ACTION ITEM >>
With the pictures excluded, reproduce all of the data exactly.

SUPPLIED DATA >>
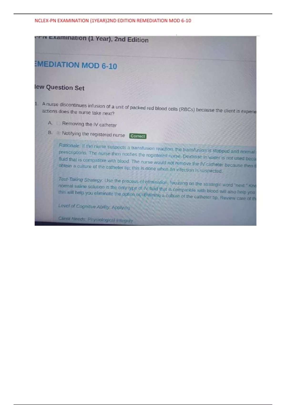 NCLEX-PN EXAMINATION (1YEAR)2ND EDITION REMEDIATION MOD 6-10
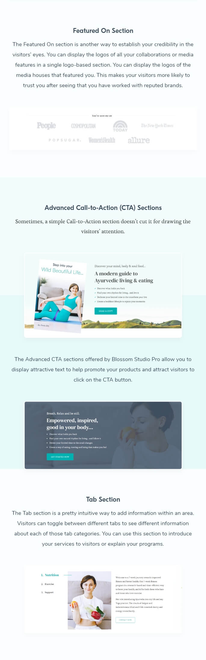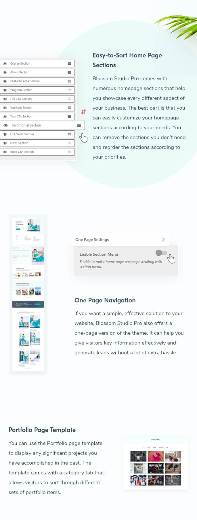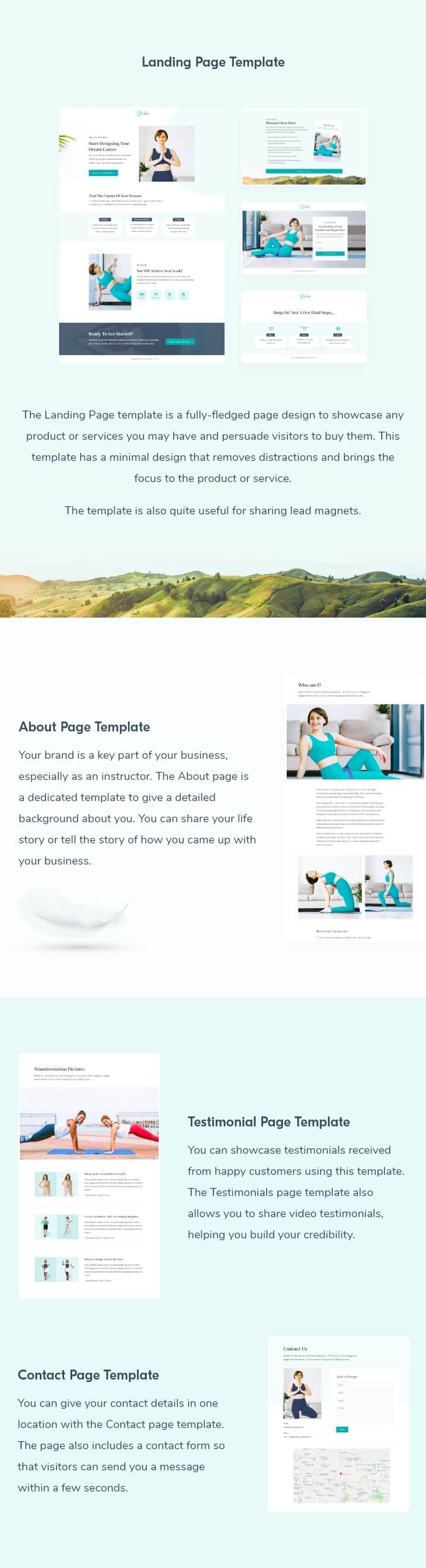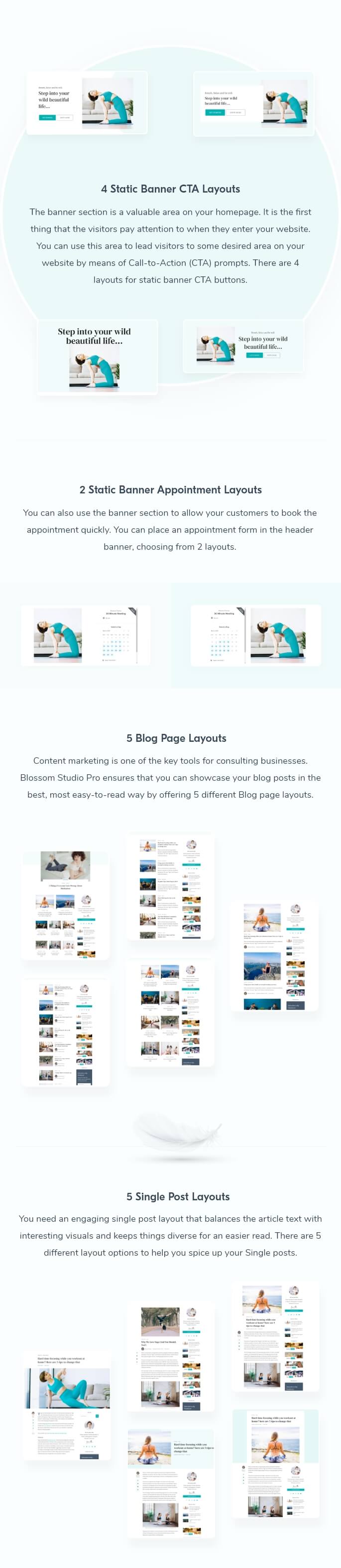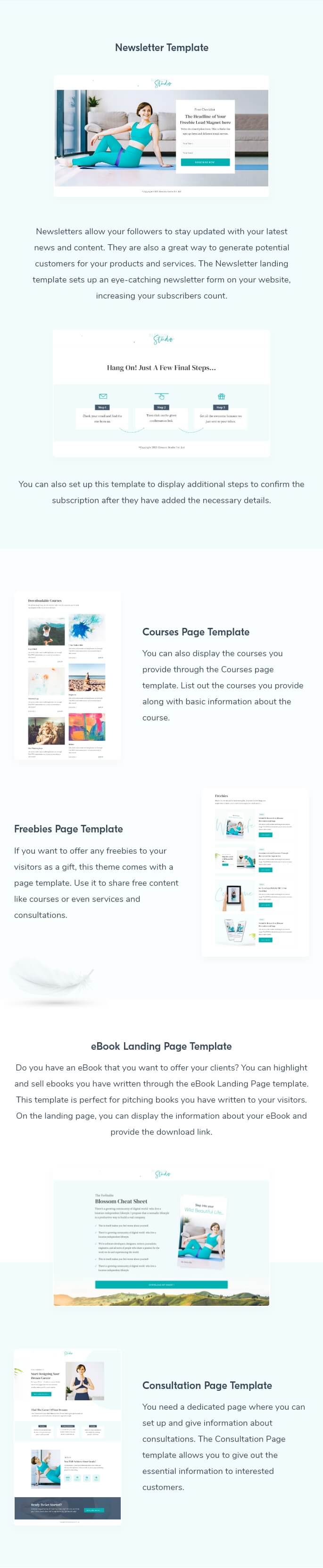 Blossom Studio Pro also comes with tailor-built inner page templates to support every aspect of your business. You get a pre-built landing page template to promote your programs, books, and products. You can showcase your courses through the Course page template, and there is even a Consultation page template to boost appointments and attract new customers.
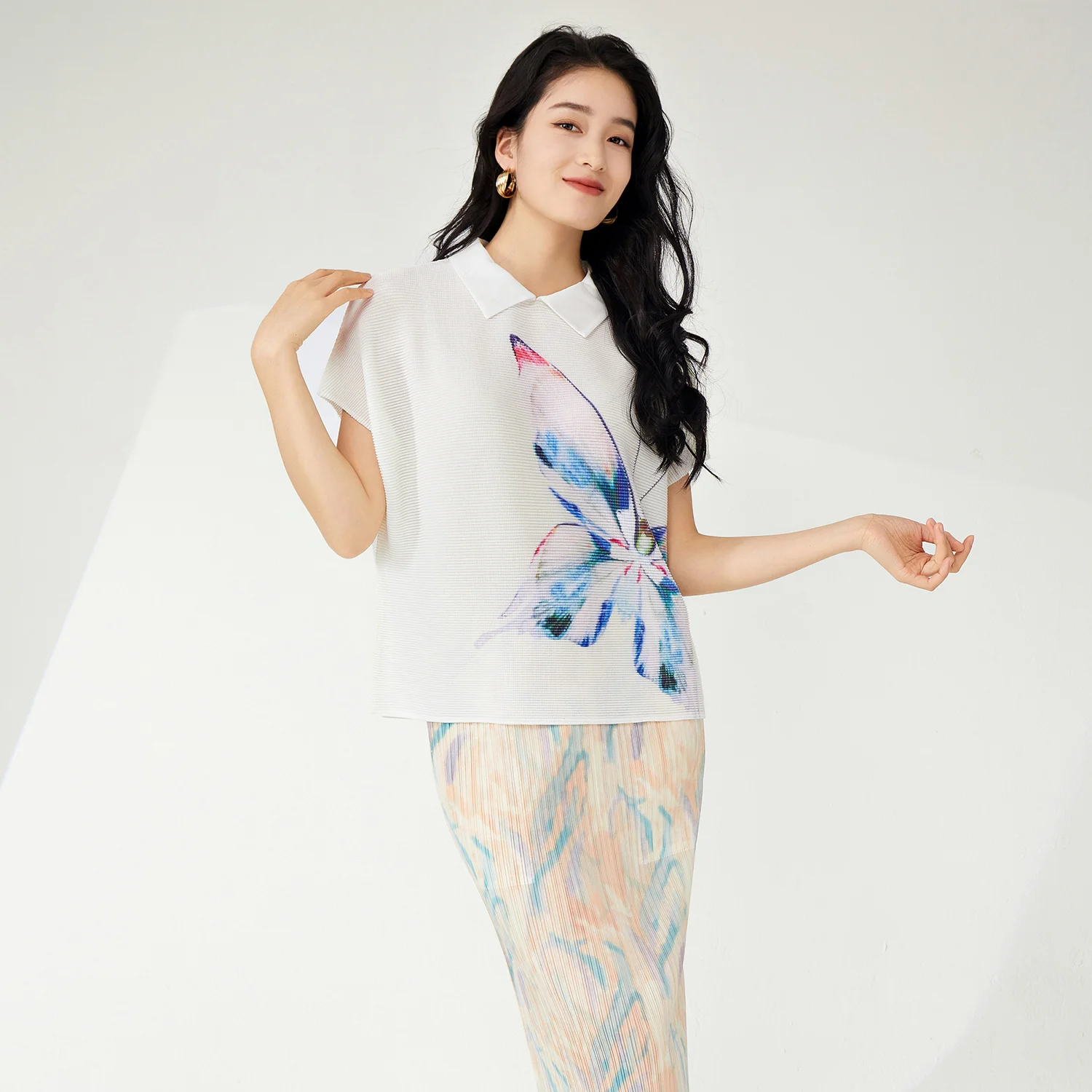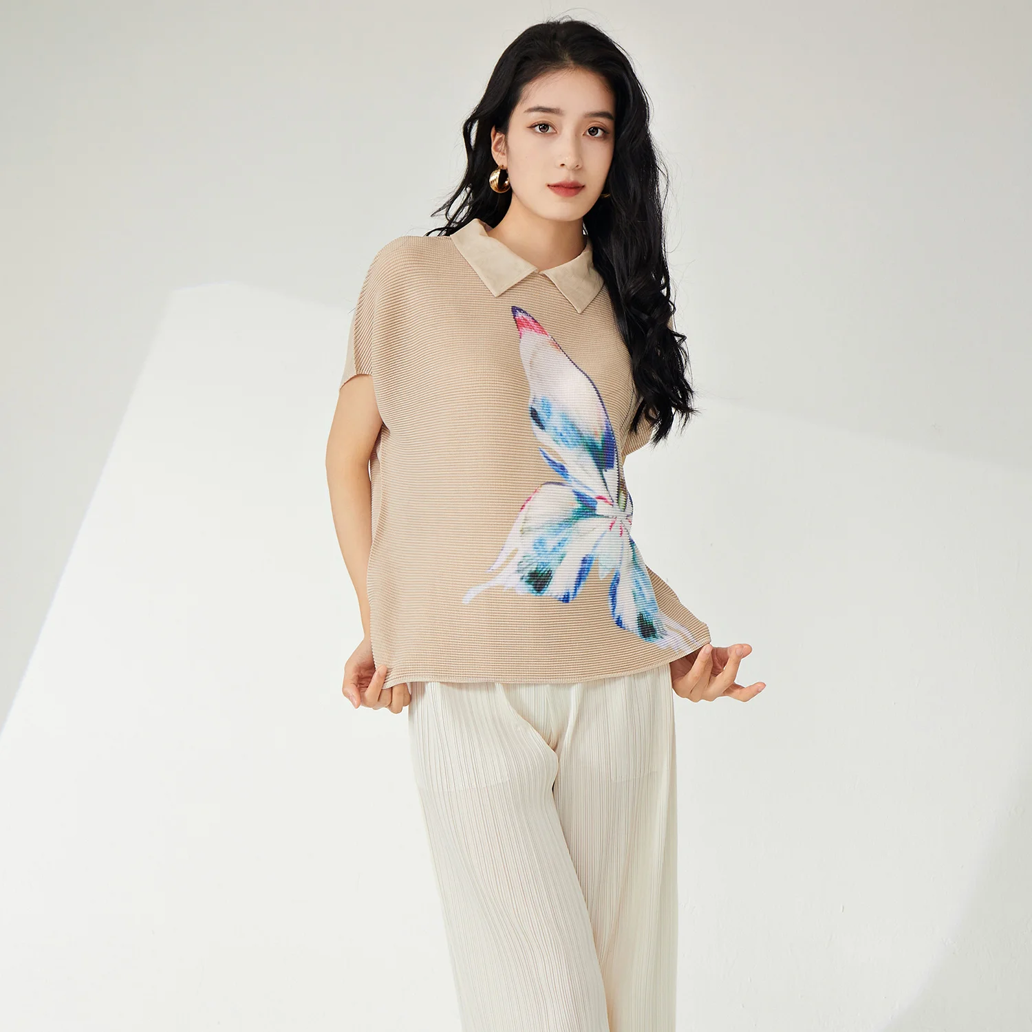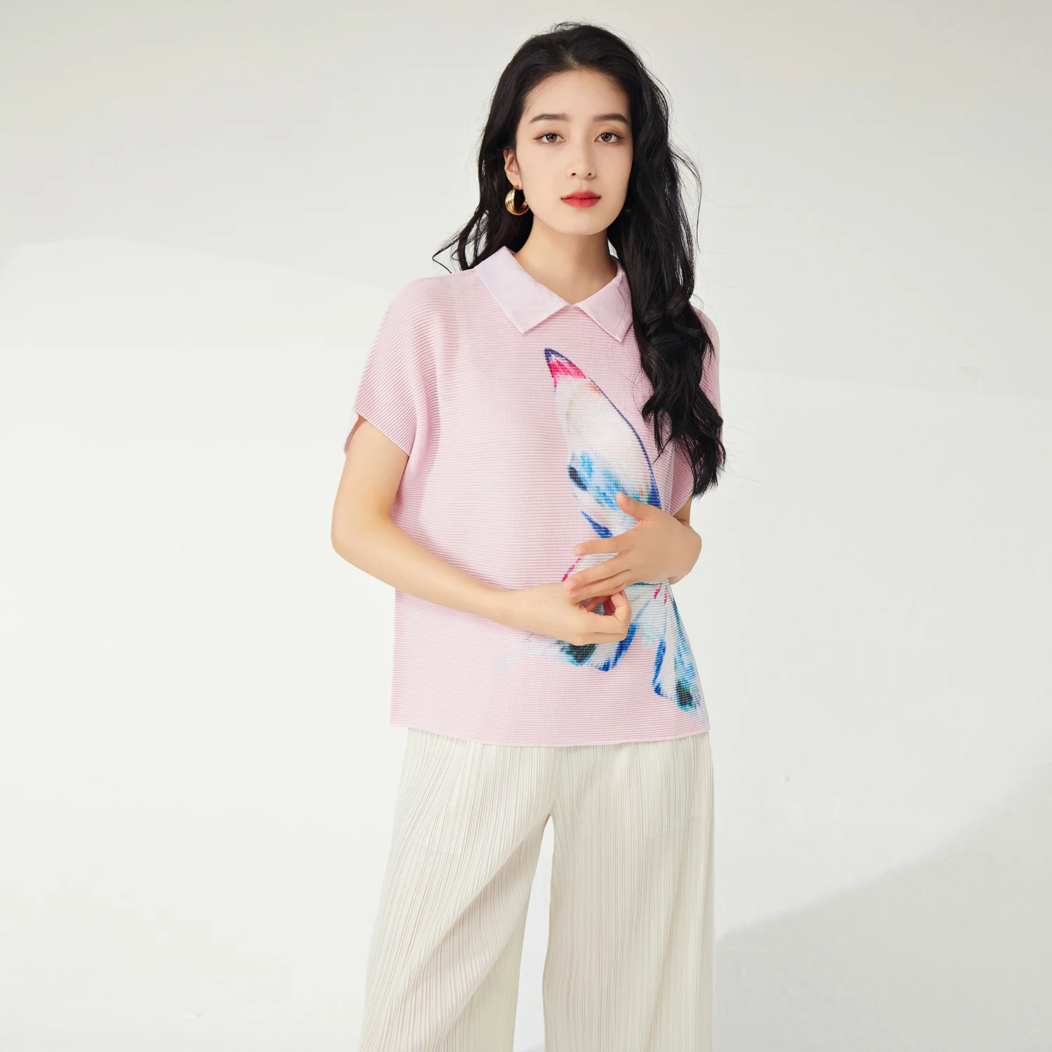 High Quality Summer Women's Vintage T-Shirt Pleated Lapel Stretch Printed Animal Pattern Short Sleeve Turn-Down Collar Top

EXERCISE ANSWER >>
 NCLEX-PN EXAMINATION (1YEAR)2ND EDITION REMEDIATION MOD 6-10
 Blossom Studio Pro also comes with tailor-built inner page templates to support every aspect of your business. You get a pre-built landing page template to promote your programs, books, and products. You can showcase your courses through the Course page template, and there is even a Consultation page template to boost appointments and attract new customers.
 High Quality Summer Women's Vintage T-Shirt Pleated Lapel Stretch Printed Animal Pattern Short Sleeve Turn-Down Collar Top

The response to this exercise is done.